There won’t be any changes in policy rates by the ECB today as policymakers are still in autopilot mode when it comes to that for the time being. In March, the ECB communicated that APP purchases should be wrapped up in Q3 with scheduled buying of €40 billion in April, €30 billion in May and €20 billion in June.
Based on that timeline and policy trigger (that rate hikes will only come after APP purchases end), that leaves some breathing space before any actual changes to policy rates. That said, with inflation still rampaging across the euro area, it is going to be a challenge for the ECB to try and maintain their composure on both fronts.
So, what can we expect from the ECB today?
In my view, the ECB will do what it does best. That is to kick the can down the road for as long as they possibly can afford to. However, there is a growing divide between policymakers in the central bank on the urgency to take action. As such, it isn’t going to be as straightforward as seeing the ECB sit on its hands.

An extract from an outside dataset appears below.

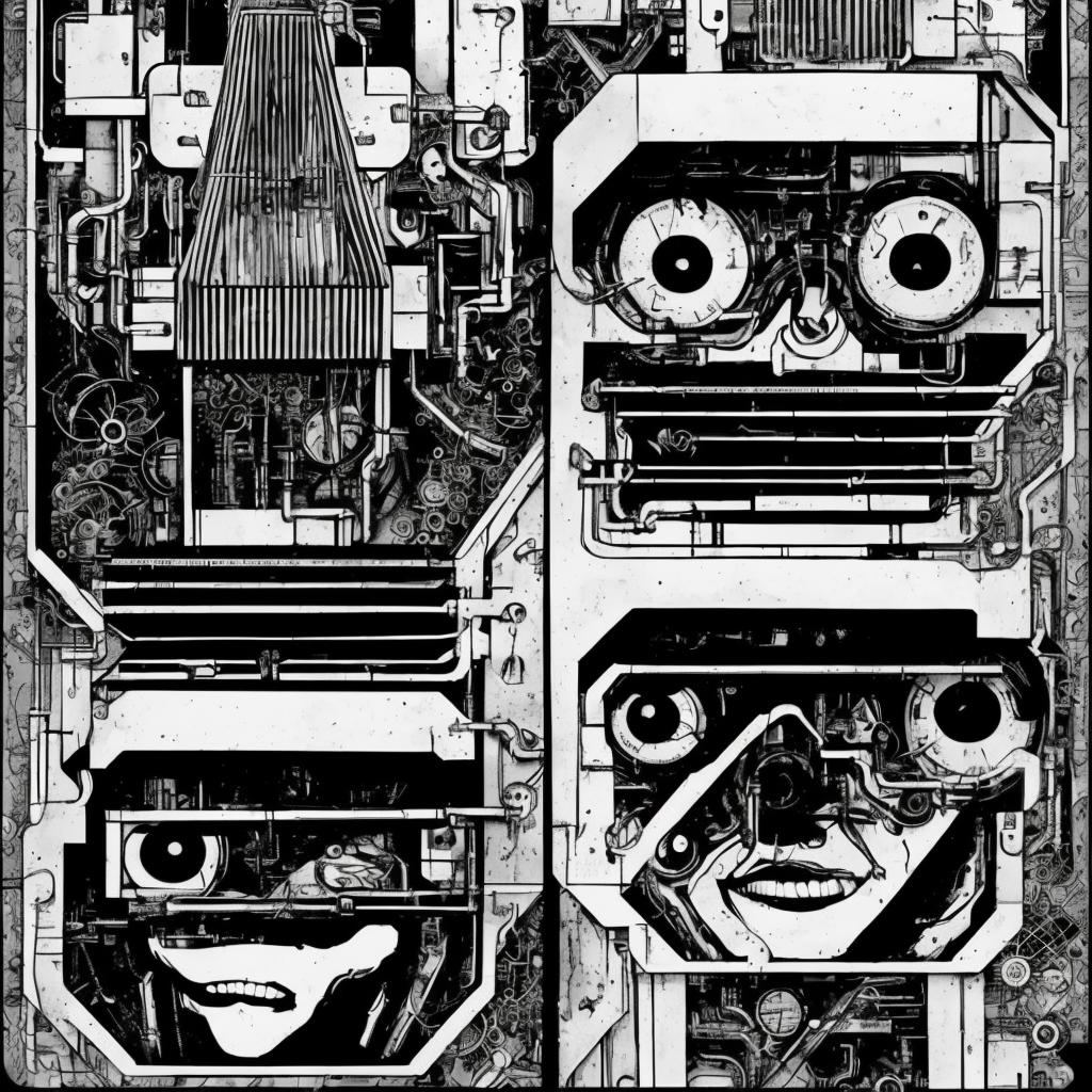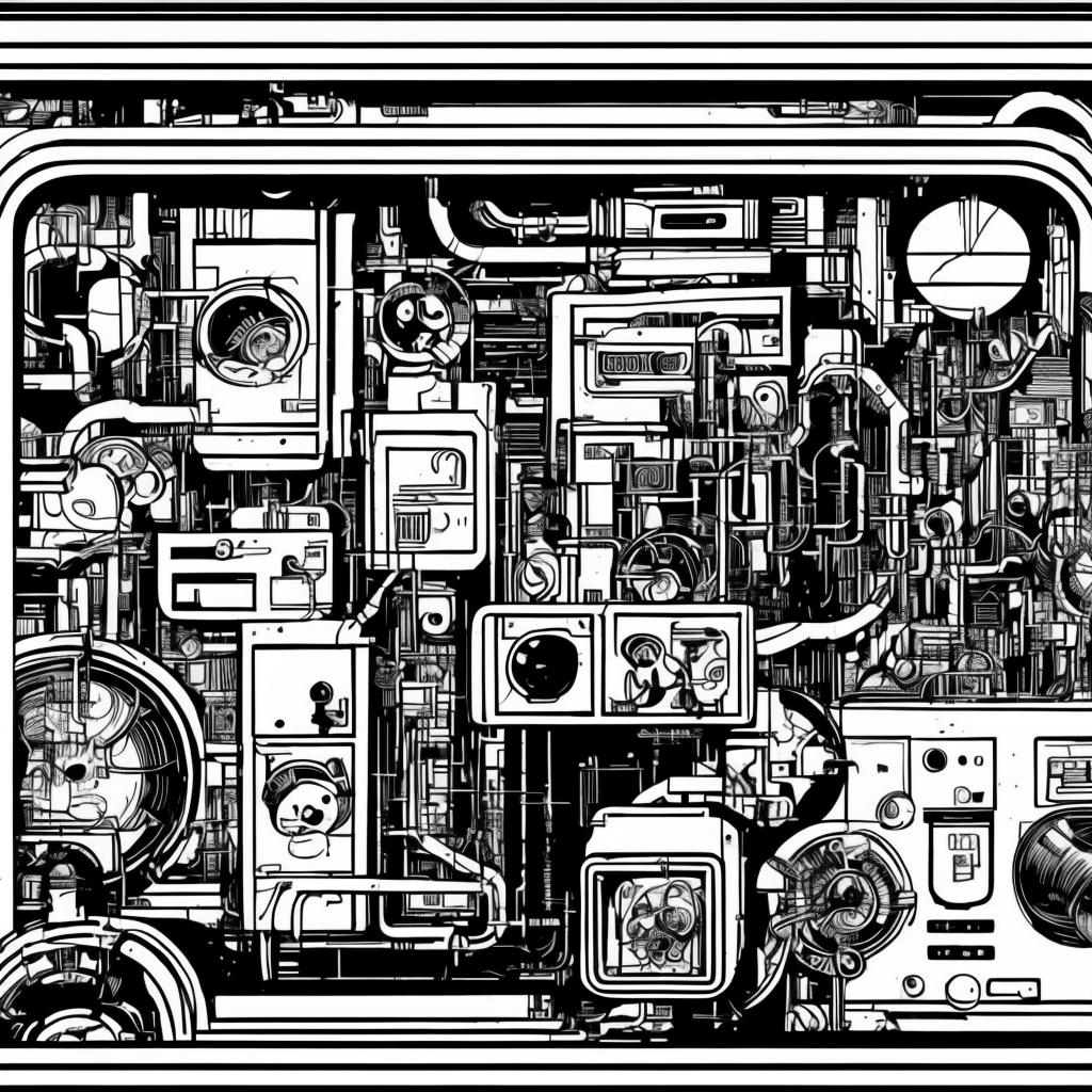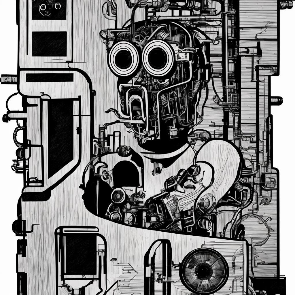 Curated Collection of Line Art : Every page from "Robot Heads" and "Future Cities" (published books i created as colouring in books)

The first thing to watch today will be any changes to the timeline of tapering. For now, Q3 remains the target but if the ECB brings that forward to Q2, that will start to see more hawkish undertones grow.
That said, the next policy meeting will be on 9 June so that does give the ECB some time to tinker with this. So, today may not likely be the day where they announce any hasty changes to the outlook and their plans.
As such, sticking with the status quo seems like the most viable option. And that perhaps poses some downside risk (or at least limits any major upside) to the euro and European bond yields, even if markets aren’t expecting much from the ECB today.
The next key thing to watch will be Lagarde’s press conference. The ECB will want to bide its time to wait on inflation data in the coming months before reacting. As such, Lagarde will have to try and communicate that in a clear and concise manner. Any error in communication could swing the euro either way and that is always a risk to be mindful about.
TLDR: Barring any unintended hawkish signals, the ECB is to stick with venting about the risks of higher inflation amid the Russia-Ukraine conflict while arguing to be data-dependent i.e. wanting flexibility. The door remains open for a rate hike later in the year but not before APP purchases are concluded, and that is still seen in Q3. That should keep EUR/USD between the 1.0800 to 1.0940 range at the moment.